BUFFALO, N.Y. (WIVB) – Two Buffalo Police officers and a former officer were arraigned on federal civil rights violations, and pleaded not guilty, Monday afternoon.

The three defendants are accused of using excessive force when they arrested four teenagers back in 2009, but the entire case revolves around a BB gun the teenagers used in a drive-by shooting, and the officers are accused of turning the gun on the teenagers.

Detective Raymond Krug, Officer Joseph Wendel, and Lt. Gregory Kwiatkowski are charged with felony civil rights violations. Kwiatkowski retired three years ago. The three defendants could face prison time, if convicted.

“The felony counts are for civil rights violations, and for conspiring to violate civil rights, and those are punishable by a maximum of 10 years imprisonment, and a $250,000 fine,” said Assistant U.S. Attorney Paul Campana outside of court.

The teenagers were arrested for shooting into a crowd at near Treehaven Road in the University District, wounding two people, on May 31, 2009.

Two of the teenagers accused the arresting officers of abuse, with one of the teens getting shot twice with the BB gun. The two settled civil claims against the city back in December. All four teenagers eventually pleaded guilty to reduced charges in City Court in July 2009.
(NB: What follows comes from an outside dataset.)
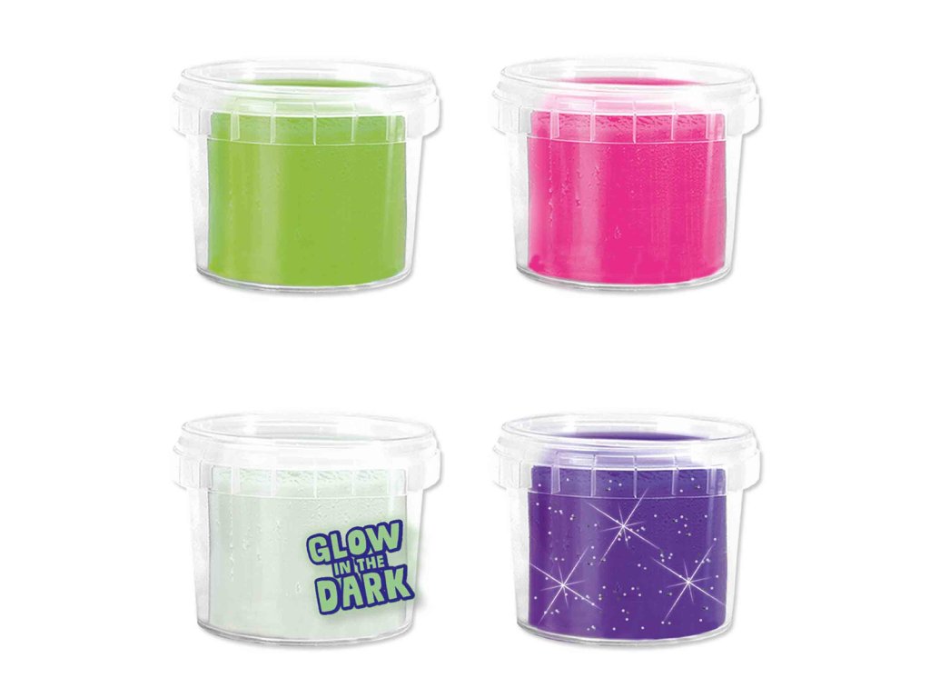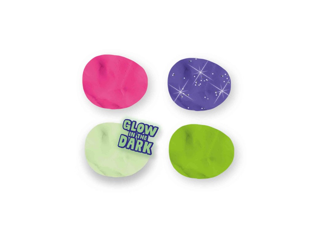Svítící modelína ve tmě 4x90g! Modelína je zcela veganská, bezlepková a omyvatelná. Je měkká a lze jí používat po dlouhou dobu díky uzavíratelnému obalu, který lze snadno znovu použít pro jiné účely. Modelína Feel good - Glow se skládá z neonově růžové, třpytivé fialové, bílé světle zelené barvy. Rozměr výrobku: 7x20x7??. Věk: 1+.

“As I understand it, the decision to settle that case was strictly made by the City of Buffalo. The officers were not consulted about that,” said Rodney Personius, the defense lawyer for Joseph Wendel.

Could that settlement affect the outcome of the civil rights case in federal court? “It won’t address the civil case at all. Our office brings criminal charges only in these matters, and that is what I am here to represent the government on,” answered Campana.

The federal indictments were announced last week, just days before the statute of limitations would have expired to charge the three, which raises a number of questions about the strength of the government’s case.

“If it was a strong case, and it happened in 2009, you would think it would have been prosecuted far earlier than it was prosecuted. So that is a big question on everyone’s mind,” added Terrence Connors of the Connors and Vilardo law firm, and represents Ray Krug.

Krug and Wendel are suspended without pay. Federal Magistrate Kenneth Schroeder released all three defendants without requiring bail.

Their civil rights trial is set to start in October.